With hundreds of billions of euros expected to flow into defence, infrastructure, and energy, investors are eyeing key stocks poised to benefit.

Goldman Sachs analysts have identified 12 buy-rated European companies outside the defence sector that could ride this spending boom, spanning industries from airport operations to renewable energy.

A fiscal turning point: Investors shift focus from the US to Europe

Germany’s government-in-waiting is setting the stage for a historic departure from its traditionally conservative fiscal approach.

The CDU/CSU and SPD-led coalition unveiled a €500 billion off-budget infrastructure fund—equivalent to 11.6% of GDP in 2024—to be deployed over the next ten years. This fund aims to revamp the country’s ageing infrastructure, accelerate the energy transition, and boost housing and transport investments.

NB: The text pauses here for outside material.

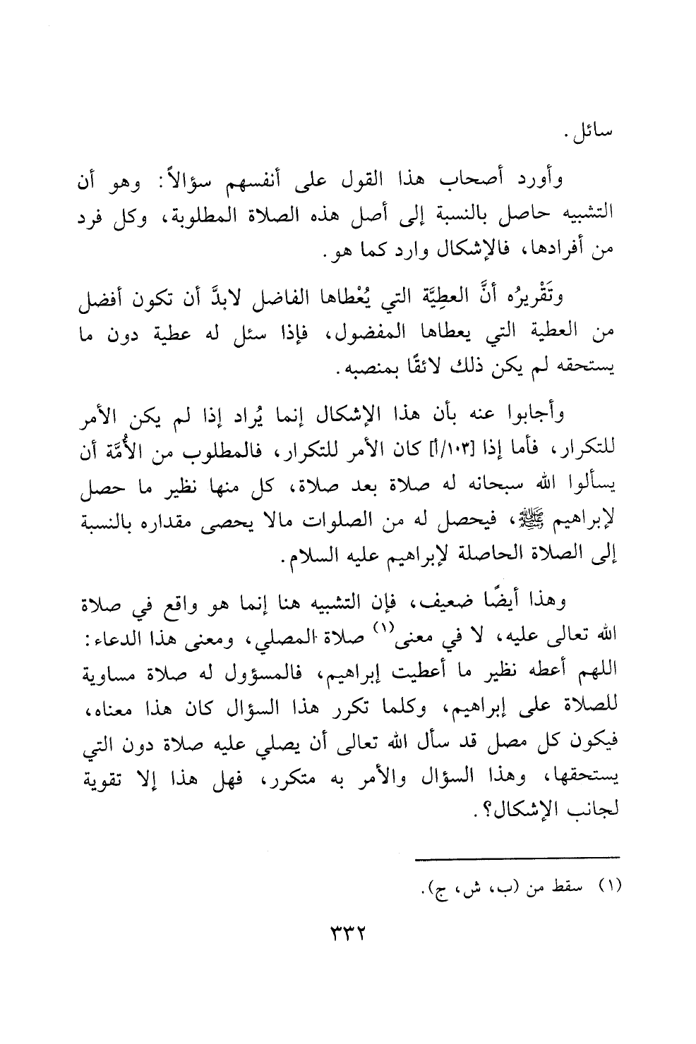 للصلاة على إبراهيم، وكلما تكرر هذا السؤال كان هذا معناه،

In a further break from its traditionally strict fiscal orthodoxy, the government will exempt defence spending exceeding 1% of GDP from the constitutional debt brake—a rule that limits new borrowing—effectively unlocking an additional €11 billion per year for military upgrades.

Additionally, Germany will ease fiscal constraints on its regional states, raising the structural deficit allowance from 0.0% to 0.35% of GDP.

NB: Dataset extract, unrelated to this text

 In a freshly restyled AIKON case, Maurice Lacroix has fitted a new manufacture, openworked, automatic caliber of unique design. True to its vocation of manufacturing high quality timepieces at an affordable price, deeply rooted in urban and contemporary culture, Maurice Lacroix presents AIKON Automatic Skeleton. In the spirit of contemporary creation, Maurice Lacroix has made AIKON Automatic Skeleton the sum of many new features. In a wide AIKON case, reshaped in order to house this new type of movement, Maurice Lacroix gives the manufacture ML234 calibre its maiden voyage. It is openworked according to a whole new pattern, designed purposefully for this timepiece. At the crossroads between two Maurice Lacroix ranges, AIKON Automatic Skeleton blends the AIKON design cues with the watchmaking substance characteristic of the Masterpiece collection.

Goldman Sachs economists have raised their German GDP growth forecasts for this year and 2026, citing stronger fiscal stimulus. This revision also prompted an upgrade to eurozone growth projections, with the European Central Bank’s (ECB) terminal interest rate forecast now set at 2%.

By contrast, US growth forecasts have been downgraded, weighed down by rising tariffs and weaker-than-expected expansion under President Donald Trump.

“There has been a material repricing of reflation risk in Europe versus the US across assets,” said Christian Mueller-Glissmann, CFA, at Goldman Sachs.

Who stands to gain from Germany’s fiscal shift?

Amid this evolving economic landscape, Goldman Sachs has identified 12 Buy-rated European stocks—outside the defence sector—that stand to benefit from the anticipated spending boom.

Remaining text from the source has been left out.